Social Cues: at about 6 weeks of age the circadian rhythms begin and by 16 weeks, most babies are entrained. Schedules imposed by parents are likely to be a key influence, including mealtimes and bedtimes. Research also suggests that adapting to local times for eating and sleep is an effective way of entraining cidadian rhythms and beating jet lag.

• Beyond the master clock: there are numerous circadian rhythms in many organs and cells of the body. There are called peripheral oscillators and are found in the adrenal gland, oesaphagus, lungs, liver, pancreas, spleen, thymus and skin. Francesca Damiola et al (2000) demonstrated how changing feeding patterns in mice could alter the circadian rhythms of cells in the liver by up to 12 hours, whilst leaving the rhythm of the SCN unaffected. This suggests there may be many other complex influences on the sleep/wake cycle.
• Ethics in animal studies: there are problems with ethics of animal studies such as in the DeCoursey et al study as the animals were exposed to considerable harm when they were returned to their natural habitat.

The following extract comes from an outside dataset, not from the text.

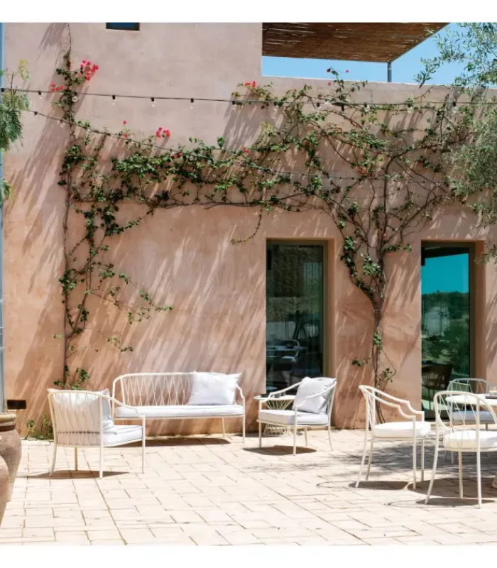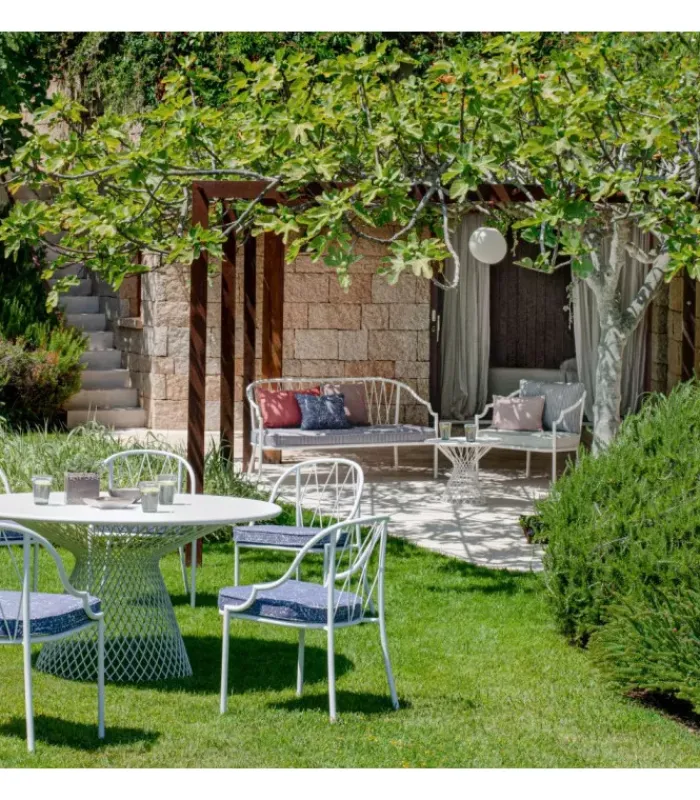 Como è una collezione completa di sedute e tavoli composta da sedia e poltroncina dining, poltroncina dining con schienale alto, poltrona, divano, tavolo dining e tavolo basso. La struttura delle sedute è in tubo di acciaio diametro 22, con spessore 2mm per un elevato livello di performance outdoor. Alla struttura sono connessi dei tondini di acciaio che costituiscono il motivo decorativo dello schienale: questi tondini sono saldati tramite una tecnologia a proiezione, che permette la fusione dei tondini in maniera tecnicamente più pulita, con un effetto estetico più rifinito e conseguentemente minor rischio di ruggine. La lamiera stirata del sedile è zincata a caldo per un’elevata resistenza in ambienti outdoor ed è anch’essa saldata alla struttura attraverso la tecnica a proiezione sopracitata. Come tutti i prodotti EMU in acciaio, è previsto un pretrattamento di cataforesi e successivamente un trattamento di verniciatura con polvere termoindurente, che conferisce al prodotto uno strato di vernice con spessore omogeneo con un alto grado di aderenza e resistenza. La presenza dei sottopiedi in nylon supporta la facilità di spostamento e di protezione delle estremità del prodotto.

• Influence of exogenous zeitgebers may be overstated: Laughton Miles et al (1977) recount the story of a young man who was blind from birth with a circadian rhythm of 24.9 hours. Despite exposure to social cues, his sleep/wake cycle could not be adjusted. This suggests that there are occasions when exogenous zeitgebers may have little influence on our internal rhythm.
• Methodological issues: psychologists have been critical of the manner in which Campbell and Murphy's study was conducted. Isolating one exogenous zeitgeber in this way does not give us insight into the many other zeitgebers that influence the sleep/wake cycle.
• Interactionist system: only in certain circumstances are endogenous pacemakers free-running and unaffected by the influence of exogenous zeitgebers. Total isolation studies are extremely rare and could be judged as lacking validity. Pacemakers and zeitgebers interact and it may make little sense to seperate the two for the purpose of research.